A) Contraindicated due to high risk of complications B) Limited to diagnostic purposes only C) Safe and feasible with reduced postoperative adhesions compared to open surgery D) Only appropriate for duodenal atresia, not jejunoileal atresia E) Associated with higher mortality rates than open surgery
Key: C) Safe and feasible with reduced postoperative adhesions compared to open surgery 5, 6
Question 8
A neonate with multiple small bowel atresias undergoes surgical repair with preservation of all bowel segments. Postoperatively, the patient develops abdominal distension, high gastric output, and failure to tolerate feeds after 2 weeks. Which of the following is the most likely diagnosis?

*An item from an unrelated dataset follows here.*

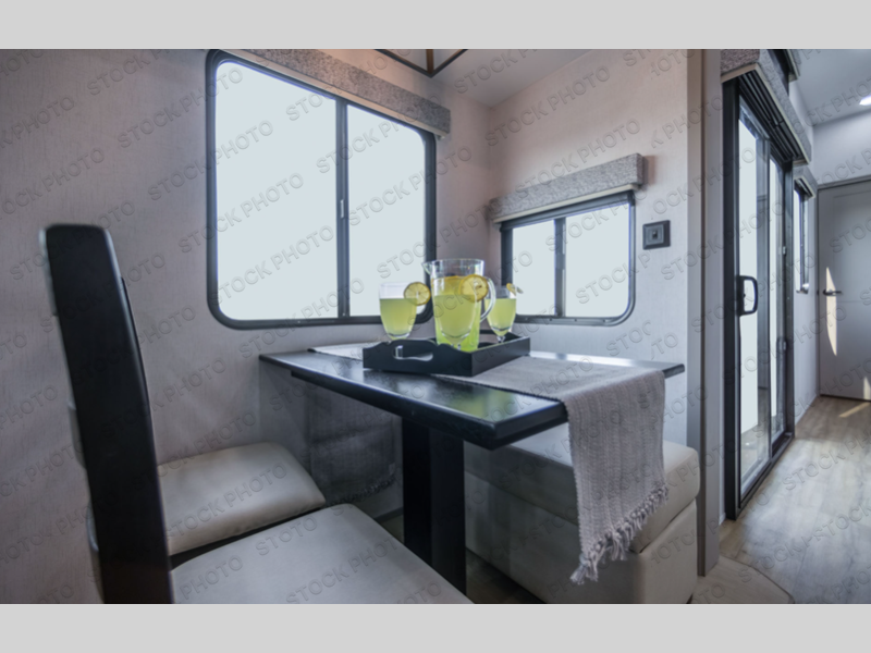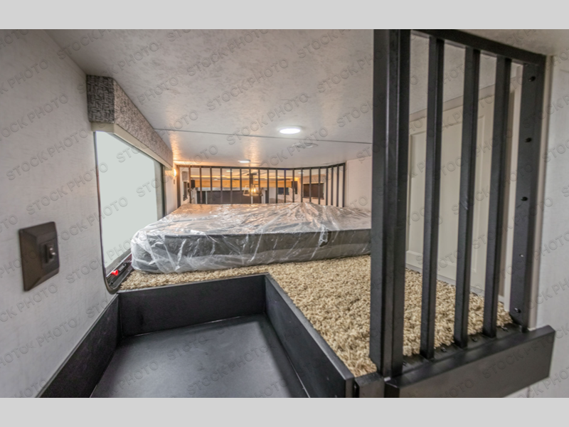 This destination trailer with a large loft and dual entry doors will be perfect for your larger group! You can wake up each day in your rear bedroom on the bed slide out, then grab your clothes from the large wardrobe and freshen up in the middle full bath. Your guests or little ones will find stairs that lead to the large loft with two beds on one side and a single bed on the other, and there is storage space here as well! Back on the main level, you'll find the combined kitchen and living area to be a favorite place to hang out. There are two sofas, an entertainment center with a fireplace and hidden storage behind, plus a kitchen island for more dinner prep space. And a dinette with two chairs on one side and bench seating on the other provides a place to dine together each day.

A) Missed atretic segment B) Anastomotic stricture C) Small bowel bacterial overgrowth D) Short bowel syndrome E) Adhesive small bowel obstruction
Key: C) Small bowel bacterial overgrowth 4
Question 9
A 1-month-old infant who underwent repair of multiple jejunal atresias presents with poor weight gain despite adequate caloric intake. Laboratory studies show low albumin and fat-soluble vitamin deficiencies. What is the most likely cause of these findings?

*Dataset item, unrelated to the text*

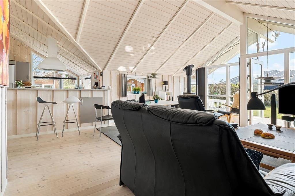 Beim Betreten des Hauses wirst du sofort von einer angenehmen, einladenden Atmosphäre empfangen – hell, luftig und freundlich. Das Interieur in hellen Farben und die offene Dachkonstruktion schaffen ein wunderbares Raumgefühl und verleihen dem Haus eine leichte, einladende Ausstrahlung. Der offene Wohnbereich vereint Küche und Wohnzimmer und wird ganz schnell zum natürlichen Treffpunkt für die ganze Familie – ob beim gemeinsamen Kochen, beim Spielen am Esstisch oder beim Entspannen auf dem Sofa mit Blick in den Garten. Das Badezimmer ist mit einer herrlichen Whirlpool-Badewanne und einer Sauna ausgestattet – die perfekte Wohlfühloase nach einem Strandtag oder einem ausgedehnten Spaziergang in der Natur. Dieses Ferienhaus lädt ein zu Ruhe, Nähe und Qualitätszeit mit den Menschen, die dir am Herzen liegen.

A) Anastomotic stricture B) Intestinal dysmotility C) Malabsorption due to reduced mucosal surface area D) Pancreatic insufficiency E) Biliary atresia
Key: C) Malabsorption due to reduced mucosal surface area 4, 3
Question 10
A 6-month-old infant with a history of surgically repaired ileal atresia presents with intermittent abdominal pain, distension, and vomiting that resolves spontaneously. The most appropriate next step in management is:
A) Immediate surgical exploration B) Upper GI contrast study C) Trial of low-fiber diet D) CT scan of abdomen with contrast E) Colonoscopy
Key: B) Upper GI contrast study 4
[Note: These questions cover various aspects of small bowel atresia including etiology, surgical management, complications, and long-term follow-up, appropriate for postgraduate trainees.]